Sunday, October 26, 2014
She put her finger to her lips, spread her arms out to the crowd to further silence the room, plopped onto the overstuffed sofa, and loudly declared, “Everybody watch THIS!!” “Everybody,” that particular evening, included Granddaddy, Grammy, little sis, and me. What we were watching was the precocious four-year-old’s favorite scene in an otherwise continuous loop of animated entertainment.
I confess that I have had my own Everybody Watch THIS moments in my life, moments of appreciation and awe.
The entire family was up at the cottage one fourth of July. Sitting our backsides on the shore of Lake Huron, we had toasted the marshmallows, sung the campfire songs, and ooohed and ahhhed over the fireworks displays that ran the length of the beach. The night was dark, smelled of dying fire, and most everyone was heading back up to the house. Everyone was heading back in, that is, except for my husband and myself. We sat for a bit, alone, listening to the night. We didn’t speak. We sat simply breathing in the emerging silence, taking comfort in being in each other’s space at the end of a lovely evening. At one point, I looked up. The sky was massive in its darkness but was saturated almost completely with stars. I felt miniscule. My heart could not begin to take in all of what I saw. There is no word to describe what I felt. Everybody watch THIS!!
One afternoon, I had driven to a different beach, a quick fifty minutes from my house. It had been a tough week. I was in need of a little me time. I took a picnic lunch, found a table in the sand, kicked off my shoes and ate my veggie sub while watching the boats come in. It was end of season so the town was empty save for a few locals who know the pleasure in enjoying the lake without the trappings of tourists. I finished a couple chapters in a book I was working on, took pictures of the gulls, and watched the water glimmer in the sunshine. I shot a selfie or two at the lighthouse on the pier. I finished my day with a long barefoot walk on the beach. I was alone except for the two women who were also apparently enjoying a little me time, one with her trashy romance, the other with her bag of knitting. I walked far, past the ice cream shop that is packed with children in the summer months, past the condos, the summer homes, the cottage rentals. I walked past everything until I came to nothing, nothing but sand grass, dunes, water, and herons. I spent a quiet moment just listening to the waves hit the shore, breathing in the smell of fish and that other indescribable scent of fresh lake air. I stood in awe and again felt that my heart was not nearly big enough to absorb it all. Everybody watch THIS!!

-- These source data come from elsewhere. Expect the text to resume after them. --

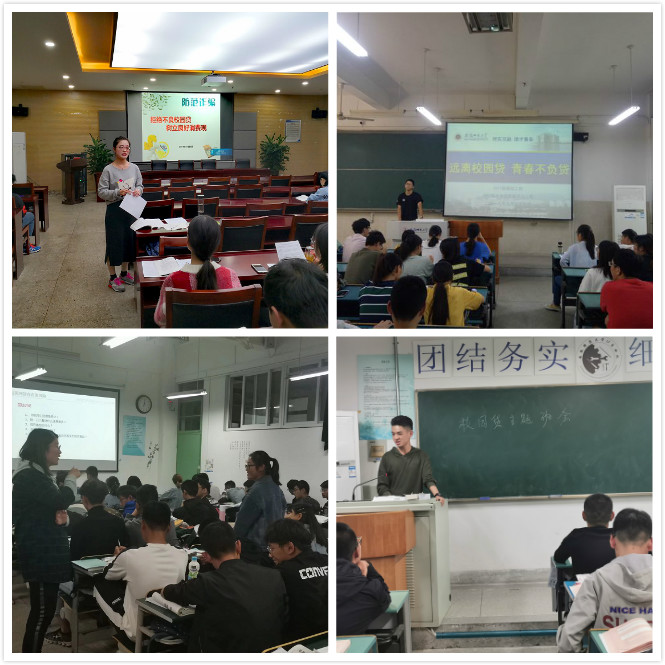 “校园贷、套路贷”风险告知书》,普及金融信贷和网络安全知识。各班级积极组织召开主题班会,宣传不良网络借贷相关法律法规,强化学生理解和认识。主题班会形式多样、内容丰富,通过播放专题警示片加深同学们对其危害的印象,通过案例分析和研讨帮助同学们认识不良校园贷产生的原因,通过主题发言引导学生树立正确的消费意识,提升网络安全防范意识。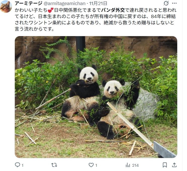 つまり、かわいい姿に癒されるだけでなく、パンダを見ることは国際関係の一部を体感することでもあるのです。
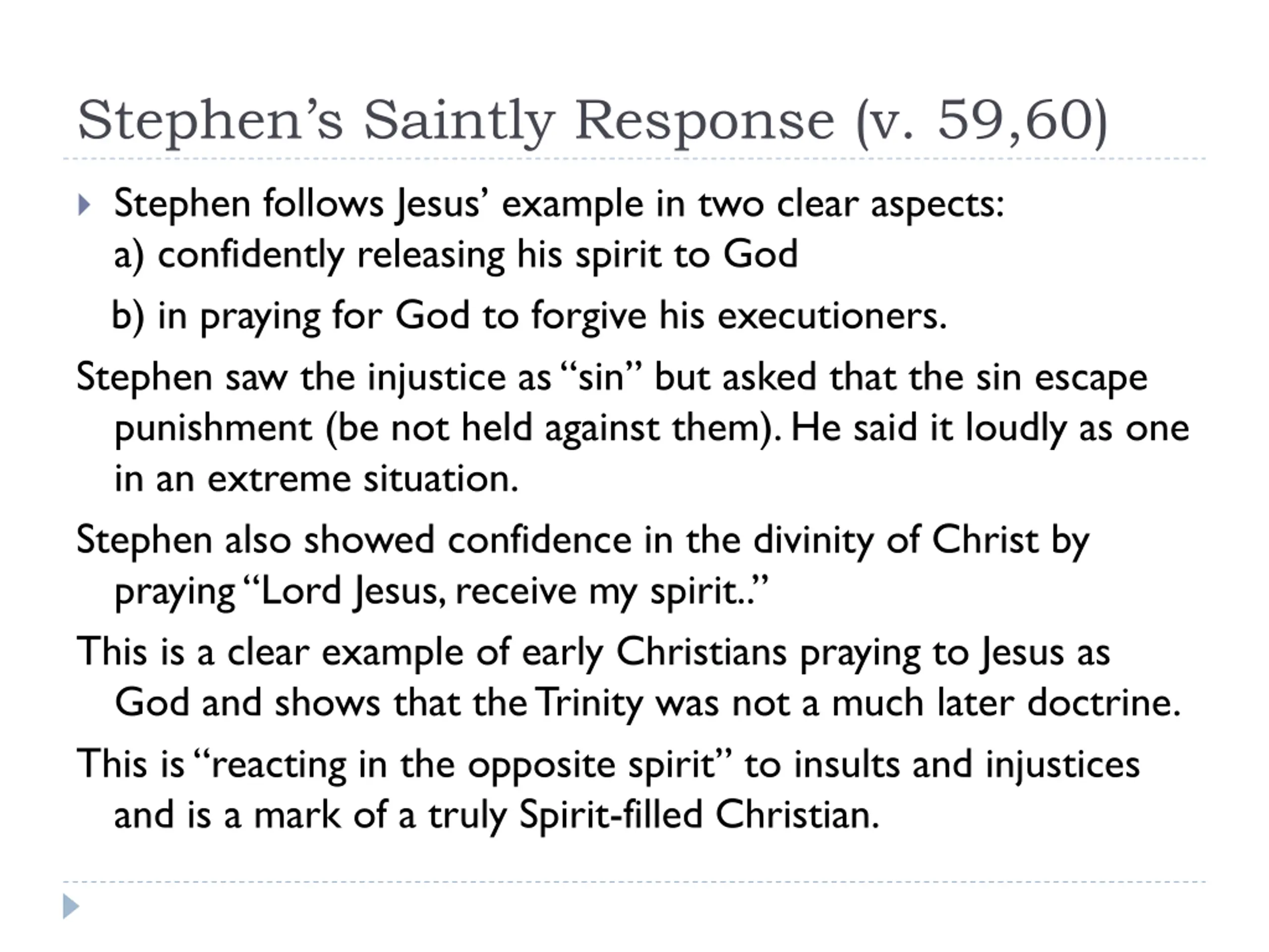 Stephens Saintly Response (v. 59,60) Stephen follows Jesus example in two clear aspects: a) confidently releasing his spirit to God b) in praying for God to forgive his executioners. Stephen saw the injustice as sin but asked that the sin escape punishment (be not held against them). He said it loudly as one in an extreme situation. Stephen also showed confidence in the divinity of Christ by praying Lord Jesus, receive my spirit.. This is a clear example of early Christians praying to Jesus as God and shows that the Trinity was not a much later doctrine. This is reacting in the opposite spirit to insults and injustices and is a mark of a truly Spirit-filled Christian.

Not every Everybody Watch THIS moment is compliments of nature. Sometimes it is the people in my life who impress me with their beauty.
A young woman sat in my office one day. She confessed to me that she was living in her car. She shared personal stories that left me in tears. That is all that I will say on this. This particular part of her story is not mine to tell. What I can tell you is that this student of mine, despite having no home, no money, no supportive family from the time she was sixteen had managed to pull herself up, go back to school, and learn to budget, take control of her finances, and begin the process of making a better life for herself. She learned that her beginnings were not her fault, that just because someone births us does not mean they know how to parent us, that she matters and that she has much to offer this world, that she is worthy of love and compassion and kindness from those around her and that she is worthy of the same from herself. She is climbing, slowly but certainly, out of the darkness from which she entered this world. Everybody watch THIS!!

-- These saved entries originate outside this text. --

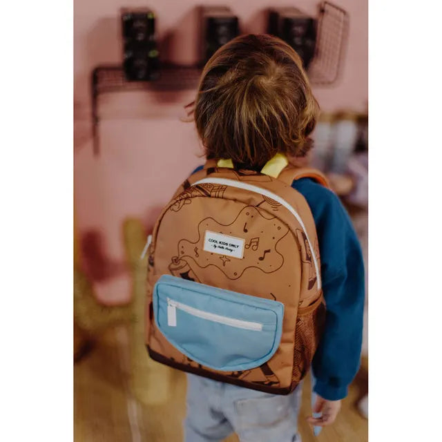This cool backpack from Hello Hossy will be a real hit. The bag is made of water-repellent fabric, has adjustable, padded handles and an adjustable chest clip, a large inside pocket for storage, one front pocket with zipper and an external pocket for water bottles. Whether it's for the playground or school, this is the most stylish bag for every adventure. , , Capacity : can hold an A5 size notebook. , Weight : 250g , Volume : 7.3L , The bag is a real pleasure to look at. Its funky big print format, with nice details, will please the kids. Your kids will be the envy of school and weekend/holiday outings. You'll make someone happy! , Eco-responsible: Bags made from recycled plastic bottles.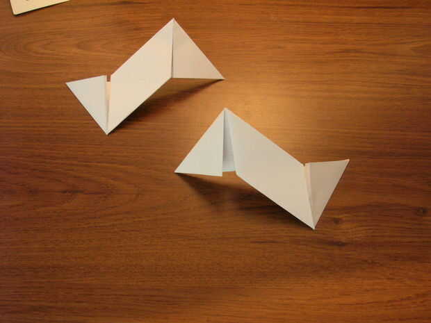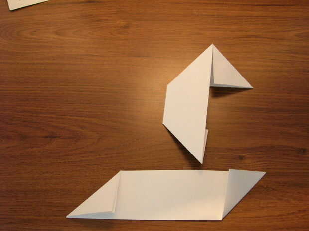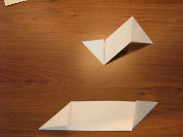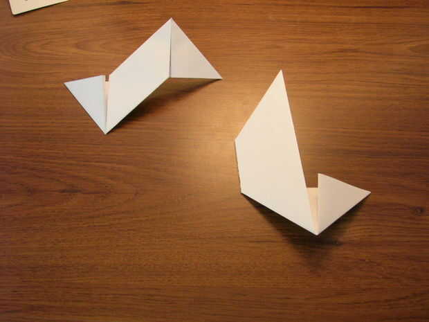 Por ahora, vamos a poner a un lado la pieza inferior. Punto de arriba a la izquierda de la pieza superior y dóblelo hacia abajo. A continuación, tome el que mismo punto y traerlo detrás a la izquierda. Para terminar la pieza inferior, hacer la misma cosa excepto espejada. Consulte las fotos aquí, ya que es difícil de entender en palabras.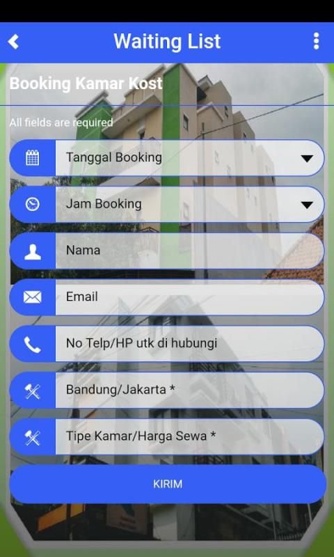 7. Booking, you can make a reservation Room Kost, by selecting the period length of stay (Monthly, Yearly) and input the data themselves subscribers.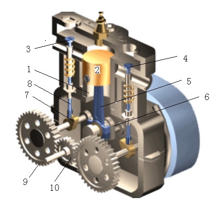 机器的主体是由各种不同的机构组成,可以是一个机构,也可以是包含若干个机构。用来传递运动和力、以一个构件为机架、用构件间能够相对运动的连接方式组成的构件系统称为机构。一般情况下,为了传递运动和力,机构各构件间应具有确定的相对运动。以图1.1所示的单缸四冲程内燃机为例,活塞2、连杆5、曲轴6和汽缸体1组成了曲柄滑块机构,将活塞的往复运动变成了曲柄的连续运动。凸轮7、顶杆8和汽缸体1组成了凸轮机构,将凸轮轴的连续运动变为顶杆规律性的间歇运动。曲轴6和凸轮轴上的齿轮9、10等与汽缸体1组成齿轮机构,使两轴保持一定的速比。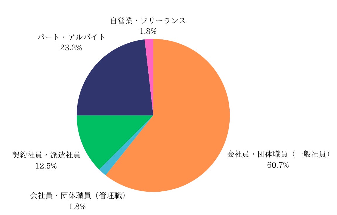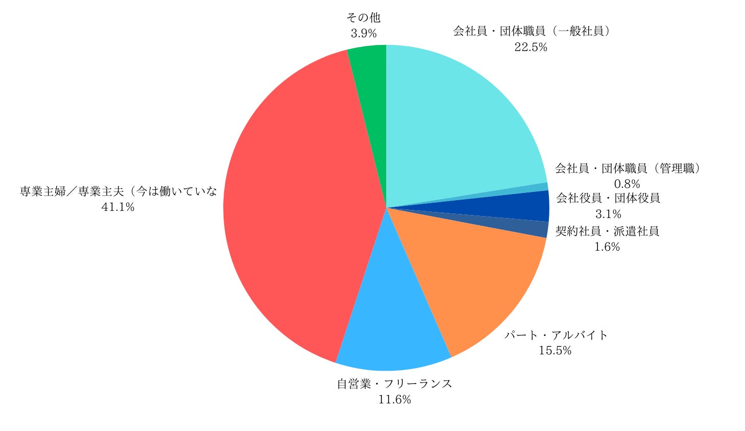 現在、働いていない方が4割、時間の調整ができるパートやフリーランスといった働き方をしている方が約3割いることがわかりました。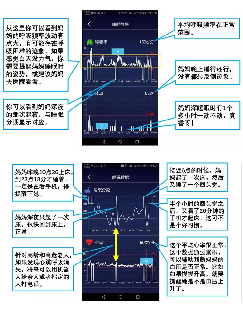 監(jiān)測(cè)睡眠過程中的心率、呼吸率、體動(dòng)等數(shù)據(jù),離床監(jiān)測(cè)器,非穿戴,舒適睡眠無感監(jiān)測(cè)

I am moved by this young woman’s story because, and you know this by now, I did not have the easiest of beginnings to my own life. What others took for granted—food, clothing, shelter—did not come easily in my home. College. College was hard. And by all rights should not have happened as it did. I thank a dogged determination, bullheaded personality, God, serendipity, and cosmic intervention for that. I am where I am today because of a will to fight and because of those in my life who stepped in when stepping in was what was needed. I have struggled lately, to be honest, with my path, with my purpose. I have had my eyes fixed on what is before me. I have been focused, it seems, in the wrong direction. I have much in this life for which to be thankful. It is MY turn, I know now, to be the one doing the stepping in. It is MY turn to take my eyes off my OWN path, turn around, and offer a hand. It is MY turn to love and to lift and to give. Everybody watch THIS!